Exercise instructions: Copy every entry word for word. Skip the pictures.
Dataset excerpts below:
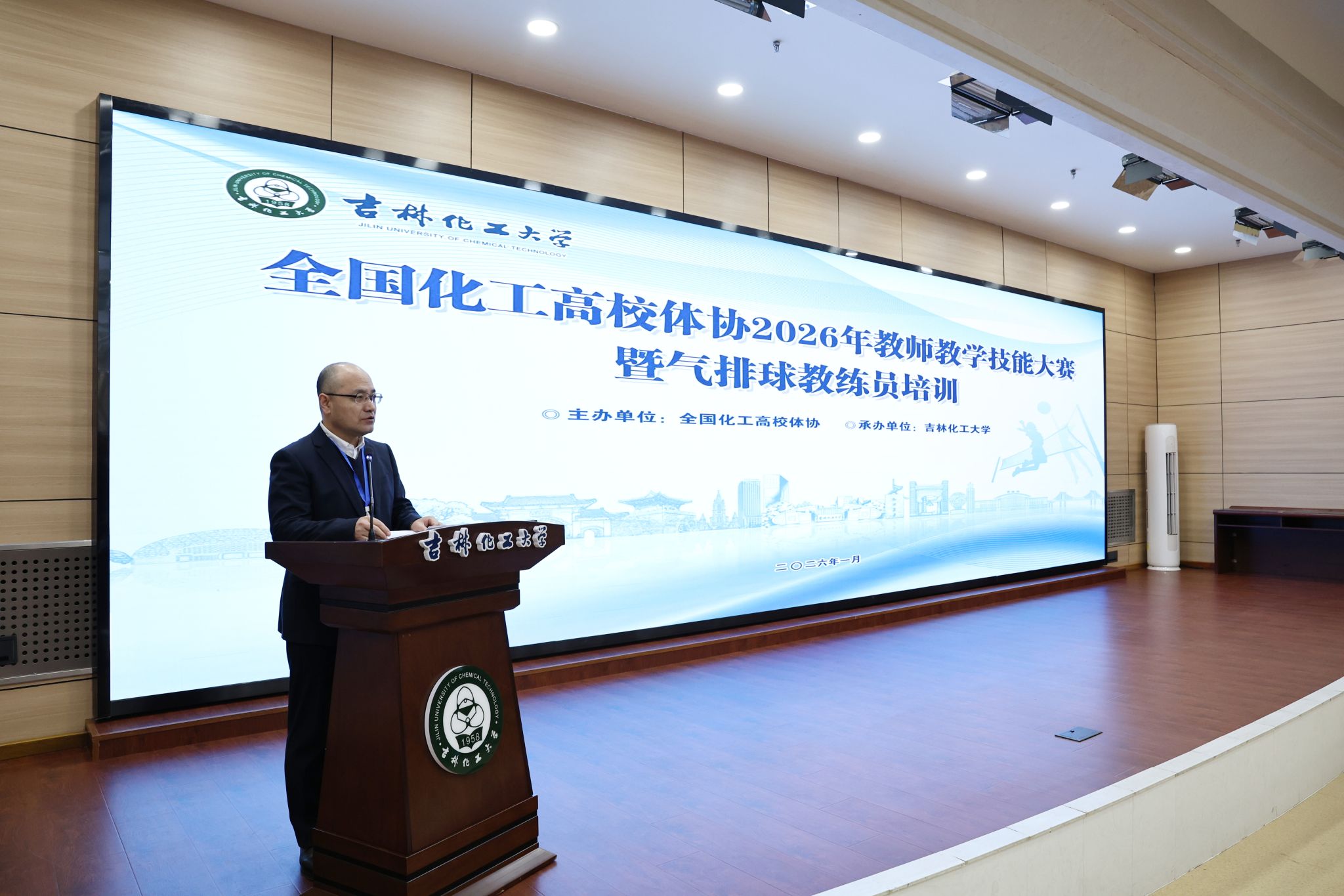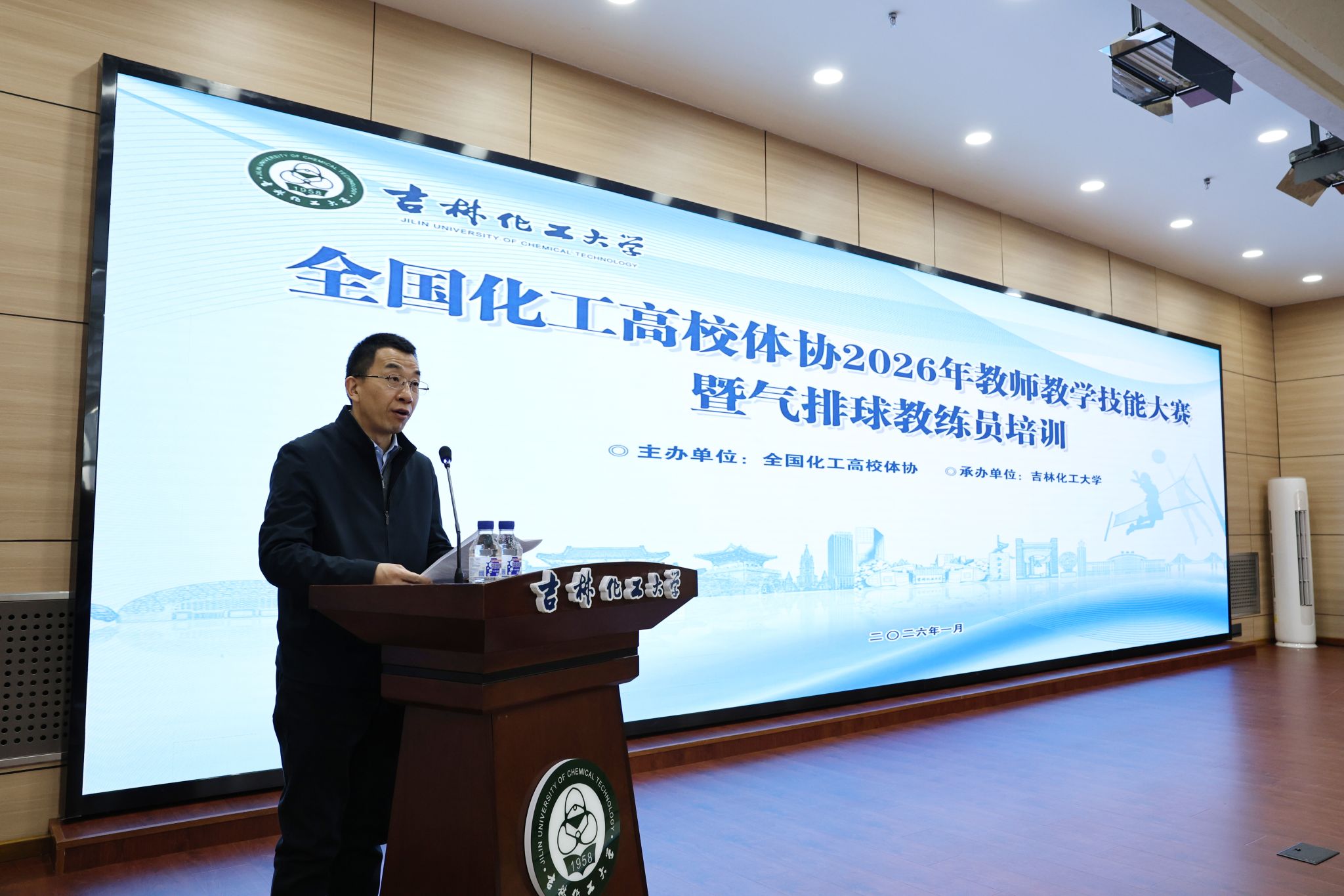 1月15日至17日,2026年全国化工高校教师教学技能大赛暨气排球教练员培训在吉林化工大学举办。中国化工教育协会教材建设工作委员会主任委员、化学工业出版社总编辑张兴辉教授,全国化工高校体育协会理事长、原郑州大学体育学院院长崔东霞教授等业内专家,以及来自全国多所化工类高校的教师代表齐聚北国江城,围绕体育专业发展与教学技能提升展开深入交流与研讨。学校党委常委、副校长王立国出席活动。
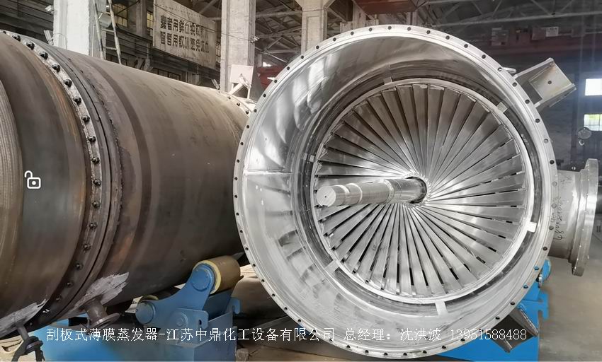 江蘇中鼎化工設備有限公司--離心式刮板薄膜蒸發器主要由加熱外盤半管式夾套(半管夾套內走蒸汽,導熱油,熔鹽或者熱水等循環給蒸發器外壁加溫,通過熱傳導,把蒸發器內壁形成的物料薄膜中的水份蒸發減少,提高物料的濃度百分比。一般設計壓力為0.3mpa~2.5mpa左右,如果是蒸汽溫度一般在180°以下,導熱油溫度一般在280°以下,熔鹽溫度一般在380°以下。刮板也稱刮刀(刮板分為:玻纖四氟刮板、碳纖維四氟刮板、石墨四氟刮板、黃銅刮板、合金鋼等)和傳動裝置:電機(普通變頻電機、防爆變頻電機、高速變頻電機),減速機(擺線針輪減速機、齒輪減速機),機架,軸封系統(單端面機械密封、雙端面機械密封、磁力密封等,如果抽真空必須選用雙端面機械密封或者磁力密封),轉動軸、汽液分離裝置、液體分布器、蒸發器轉子支架、軌道刮板槽、底部軸套等部件組成。外盤半管內或者夾套內通加熱的熱源,刮板裝在可旋轉的軸上,刮板和加熱夾套內壁保持很小間隙,通常為0.5~1.5 mm。在旋轉時通過離心力,使刮板與內壁緊密接觸。把物料從壁上刮下。料液經預熱后由蒸發器上部進料口沿切線方向噴進,通過液體分布器分散盤把液體均勻分布到蒸發器筒體表面,在重力和旋轉刮板的作用下,均勻分布在蒸發器內壁形成下旋薄膜,并在下降過程中不斷被蒸發濃縮,完成液由底部排出,二次蒸汽向上從頂部倉逸出(一般通過真空泵抽出)二次蒸汽再通過汽液分離器、冷凝器處理。在某些場合下,這種蒸發器可將溶液蒸干,在底部直接得到固體產品。這類蒸發器的缺點是結構復雜制造\安裝和維修工作量大。
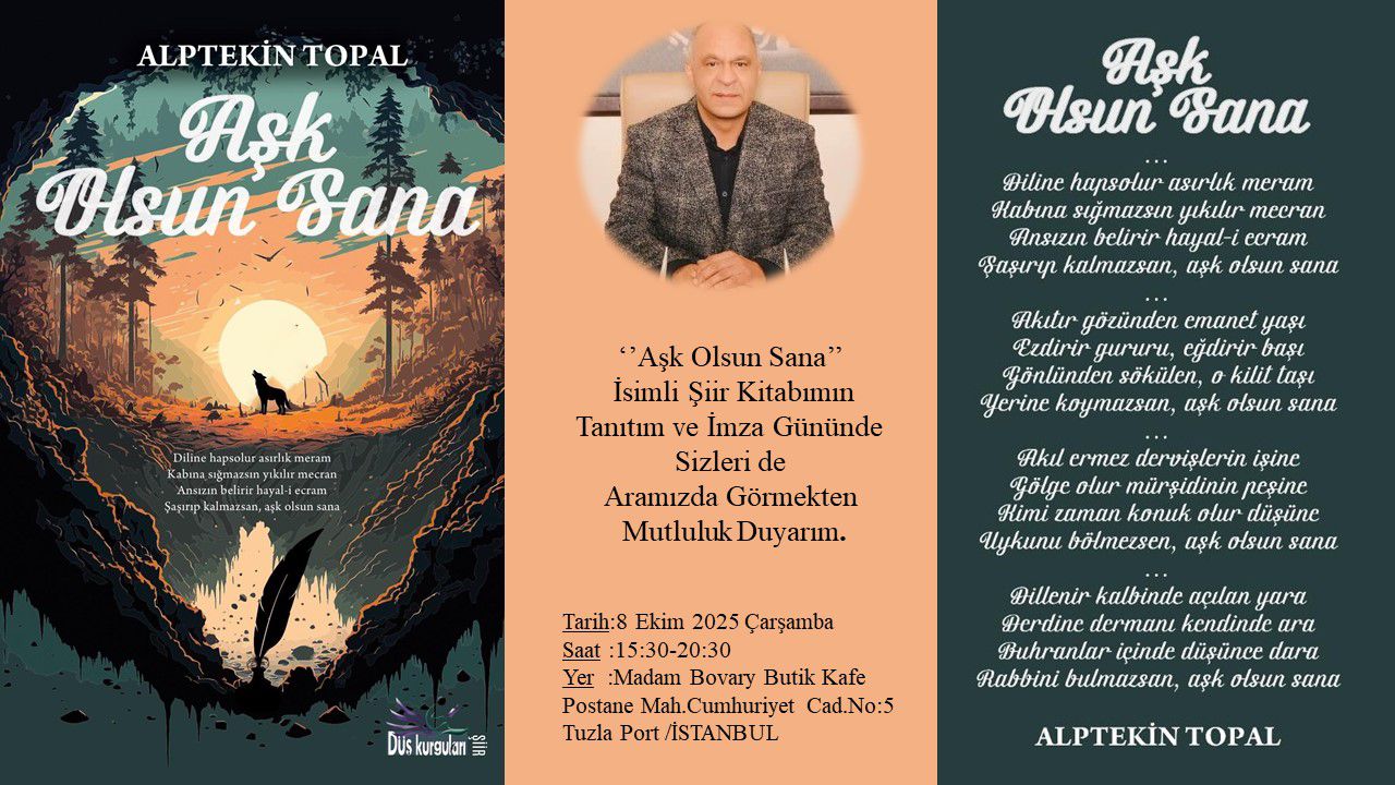• "Aşk Olsun Sana" isimli şiir kitabımın tanıtım ve imza gününde sizleri aramızda görmekten mutluluk duyarım.    Alptekin TOPAL Eğitimci / Şair- Yazar
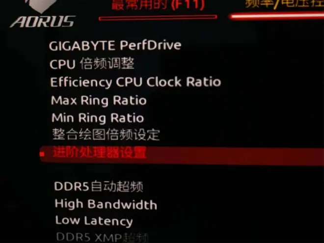 别忘了,还有个黑科技没开。技嘉B760M主板新版BIOS增加了高带宽和低延迟的功能。这两个功能是免费的性能提升,不用废话,开启它吧。
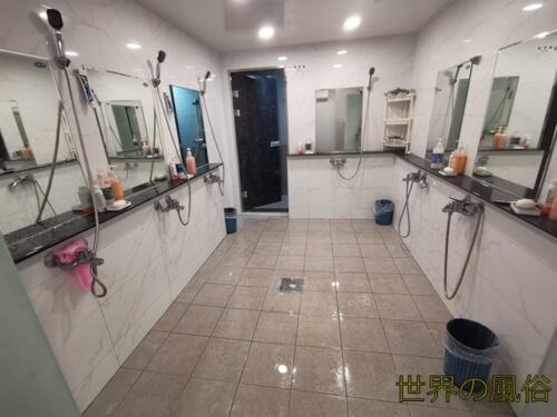 ロッカールームの隣の部屋には共同シャワールームがあります。ここで体を清めます。おちんちんペロペロしてもらうんだから、紳士のおっさんはカリ首からアリの門渡りまで綺麗に石鹸で洗いました。イテテ
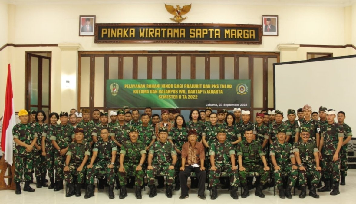 Jakarta | barometerbali – Umat Hindu dari wilayah Garnisun Tetap (Gartap) I Jakarta mendapatkan pelayanan rohani yang mana kegiatan ini dikoordinir langsung oleh Sub-Dinas Pembinaan Rohani Hindu-Budha Disbintal Angkatan Darat, di Aula Madisbintal, Jalan Matraman Jakarta Timur, Jumat (23/9/2022)
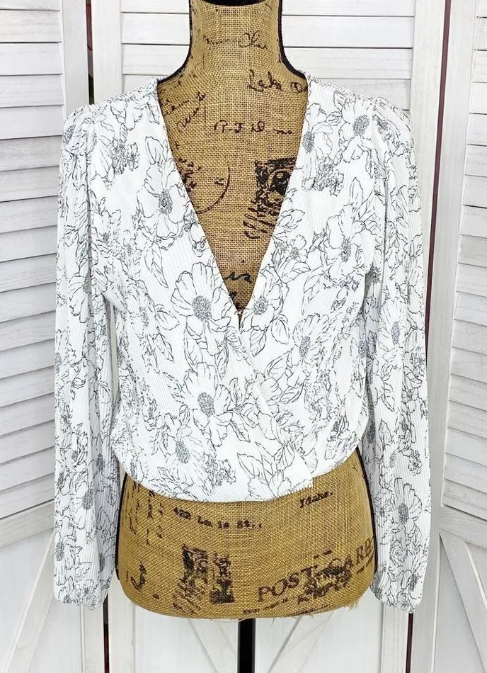 ASTR the Label Floral Pleated Satin Faux Wrap Blouse Top Size Small Bright white with black flora... Show more
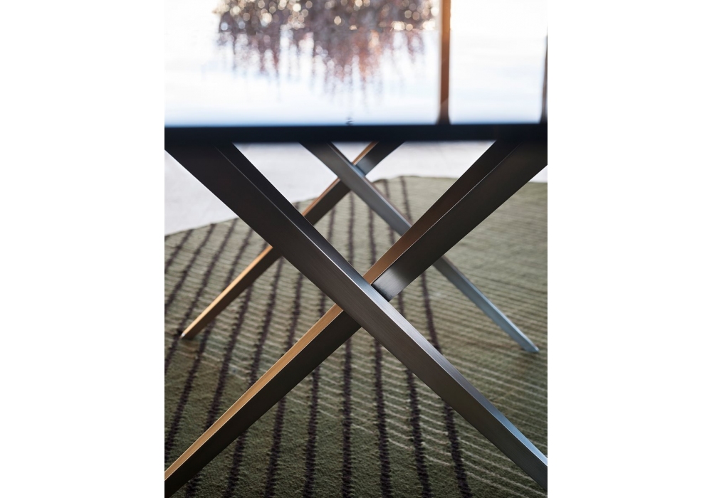 Tender 420 von Decoma für Desalto entworfen, ist ein ausziehbarer Tisch mit Beinen aus Aluminiumdruckguss und Stahlrohren. Erhältlich in verschiedenen Ausführungen und Größen.
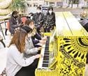 山崎さんは浜田PR大使で、所属事務所がある津市の後援会員が山崎さんとともに訪れた。2月発売の新曲は浜田市の魚や石見神楽が題材で、市民に振り付けを覚えてもらおうと企画した。
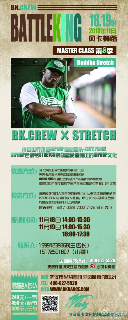重大消息:武漢DANCER的福利來(lái)啦!HIPHOP DANCE創(chuàng )始人之一、來(lái)自美國紐約ELITE FORCE的老佛爺BUDDHA STRETCH11月17空降武漢,鼻祖大師第一次來(lái)湖北武漢,絕佳的機會(huì )小伙伴們不要錯過(guò)哦! 名額有限,快來(lái)報名吧。
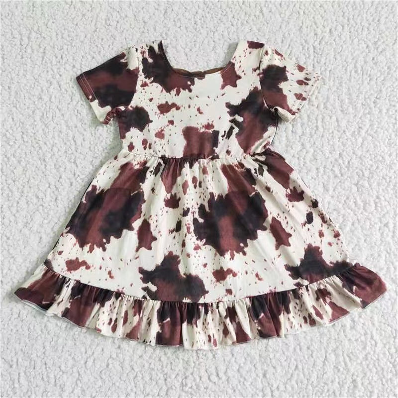 promotion price GSD0032 cow print bowes short sleeve girl dress 20230111 RTS
End of Dataset excerpts.
Task solution:
 1月15日至17日,2026年全国化工高校教师教学技能大赛暨气排球教练员培训在吉林化工大学举办。中国化工教育协会教材建设工作委员会主任委员、化学工业出版社总编辑张兴辉教授,全国化工高校体育协会理事长、原郑州大学体育学院院长崔东霞教授等业内专家,以及来自全国多所化工类高校的教师代表齐聚北国江城,围绕体育专业发展与教学技能提升展开深入交流与研讨。学校党委常委、副校长王立国出席活动。
 江蘇中鼎化工設備有限公司--離心式刮板薄膜蒸發器主要由加熱外盤半管式夾套(半管夾套內走蒸汽,導熱油,熔鹽或者熱水等循環給蒸發器外壁加溫,通過熱傳導,把蒸發器內壁形成的物料薄膜中的水份蒸發減少,提高物料的濃度百分比。一般設計壓力為0.3mpa~2.5mpa左右,如果是蒸汽溫度一般在180°以下,導熱油溫度一般在280°以下,熔鹽溫度一般在380°以下。刮板也稱刮刀(刮板分為:玻纖四氟刮板、碳纖維四氟刮板、石墨四氟刮板、黃銅刮板、合金鋼等)和傳動裝置:電機(普通變頻電機、防爆變頻電機、高速變頻電機),減速機(擺線針輪減速機、齒輪減速機),機架,軸封系統(單端面機械密封、雙端面機械密封、磁力密封等,如果抽真空必須選用雙端面機械密封或者磁力密封),轉動軸、汽液分離裝置、液體分布器、蒸發器轉子支架、軌道刮板槽、底部軸套等部件組成。外盤半管內或者夾套內通加熱的熱源,刮板裝在可旋轉的軸上,刮板和加熱夾套內壁保持很小間隙,通常為0.5~1.5 mm。在旋轉時通過離心力,使刮板與內壁緊密接觸。把物料從壁上刮下。料液經預熱后由蒸發器上部進料口沿切線方向噴進,通過液體分布器分散盤把液體均勻分布到蒸發器筒體表面,在重力和旋轉刮板的作用下,均勻分布在蒸發器內壁形成下旋薄膜,并在下降過程中不斷被蒸發濃縮,完成液由底部排出,二次蒸汽向上從頂部倉逸出(一般通過真空泵抽出)二次蒸汽再通過汽液分離器、冷凝器處理。在某些場合下,這種蒸發器可將溶液蒸干,在底部直接得到固體產品。這類蒸發器的缺點是結構復雜制造\安裝和維修工作量大。
• "Aşk Olsun Sana" isimli şiir kitabımın tanıtım ve imza gününde sizleri aramızda görmekten mutluluk duyarım.    Alptekin TOPAL Eğitimci / Şair- Yazar
 别忘了,还有个黑科技没开。技嘉B760M主板新版BIOS增加了高带宽和低延迟的功能。这两个功能是免费的性能提升,不用废话,开启它吧。
 ロッカールームの隣の部屋には共同シャワールームがあります。ここで体を清めます。おちんちんペロペロしてもらうんだから、紳士のおっさんはカリ首からアリの門渡りまで綺麗に石鹸で洗いました。イテテ
 Jakarta | barometerbali – Umat Hindu dari wilayah Garnisun Tetap (Gartap) I Jakarta mendapatkan pelayanan rohani yang mana kegiatan ini dikoordinir langsung oleh Sub-Dinas Pembinaan Rohani Hindu-Budha Disbintal Angkatan Darat, di Aula Madisbintal, Jalan Matraman Jakarta Timur, Jumat (23/9/2022)
 ASTR the Label Floral Pleated Satin Faux Wrap Blouse Top Size Small Bright white with black flora... Show more
 Tender 420 von Decoma für Desalto entworfen, ist ein ausziehbarer Tisch mit Beinen aus Aluminiumdruckguss und Stahlrohren. Erhältlich in verschiedenen Ausführungen und Größen.
 山崎さんは浜田PR大使で、所属事務所がある津市の後援会員が山崎さんとともに訪れた。2月発売の新曲は浜田市の魚や石見神楽が題材で、市民に振り付けを覚えてもらおうと企画した。
重大消息:武漢DANCER的福利來(lái)啦!HIPHOP DANCE創(chuàng )始人之一、來(lái)自美國紐約ELITE FORCE的老佛爺BUDDHA STRETCH11月17空降武漢,鼻祖大師第一次來(lái)湖北武漢,絕佳的機會(huì )小伙伴們不要錯過(guò)哦! 名額有限,快來(lái)報名吧。
 promotion price GSD0032 cow print bowes short sleeve girl dress 20230111 RTS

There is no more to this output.